A retenir du reste de la soirée, sur une carte reflétant le souhait de Top Rank de faire décoller la boxe sur le marché chinois, mais des parti-pris bien surprenants dans le matchmaking :
– Le champion IBF des poids plumes Evgeny « The Mexican Russian » Gradovich est un boxeur capable, comme l’a montré la qualité de son pressing et de son timing en contre lors d’une revanche remportée face à l’australien Billy Dib, par arrêt de l’arbitre au 9eme round. Cette performance solide confirme la réelle densité actuelle de la catégorie (Jhonny Gonzalez, Abner Mares, Orlando Salido, Nonito Donaire, Vasyl Lomachenko, Chris John, etc.). Et qu’il reste des arbitres qui connaissent leur métier.
– Le vrai sketch de la soirée : un freak show dans la catégorie des lourds entre le jeune et adipeux mexicain Andy Ruiz Jr et l’ancien espoir US Tor Hammer (ça ne s’invente pas), ce dernier abandonnant tristement à l’appel du 3eme round et apprenant son licenciement par le manager Lou DiBella via Twitter à peine 15 minutes plus tard. Passez-moi l’expression, mais lol.
– Le double champion olympique des mi-mouches Zou Shimming est peut-être le grand espoir chinois de la boxe professionnelle à 32 ans bien tassés, mais un vrai bon boxeur qui sait se déplacer, défendre et contrer lui ferait vraisemblablement sauter le dentier. Heureusement que son adversaire, surnommé « Le poulet », était loin de présenter de tels arguments.

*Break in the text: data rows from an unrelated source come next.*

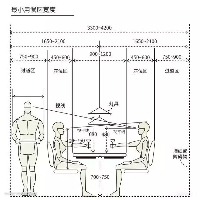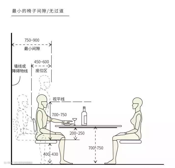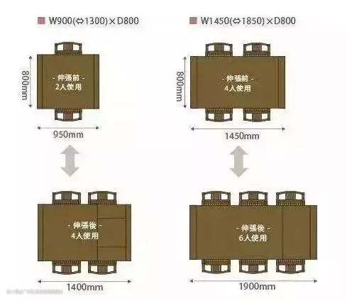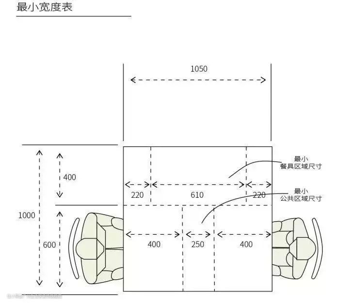 再往上的六人餐桌取1800*900~1050mm,宽度较800mm增加的原因,是家具美观比例的原因,而非人体学。
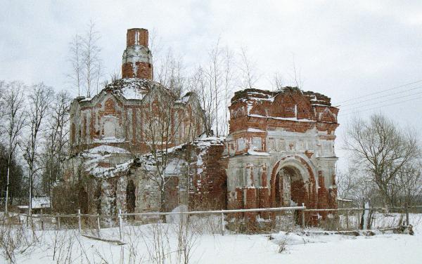 Трудно представить, как смотрелась церковь с колокольней, остатки первого яруса которой мало что говорят об ее первоначальном виде.
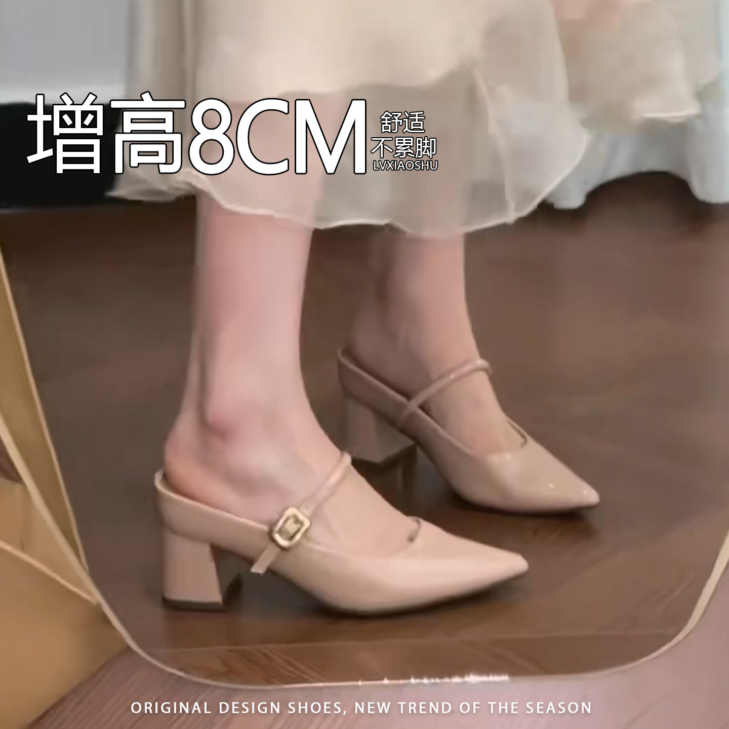 法式内增高尖头玛丽珍鞋女2026新款一字带气质优雅防滑通勤半拖鞋

– Il faudra revoir le super léger portoricain Felix Verdejo, qui présente de très belles attitudes sur le ring à 20 piges à peine. De la graine de champion sur une île en perte de vitesse, mais il n’a pas appris grand-chose contre un boxeur thai complètement paumé en anglaise, et dont le mérite fut de tenir les 6 rounds prévus pour le combat.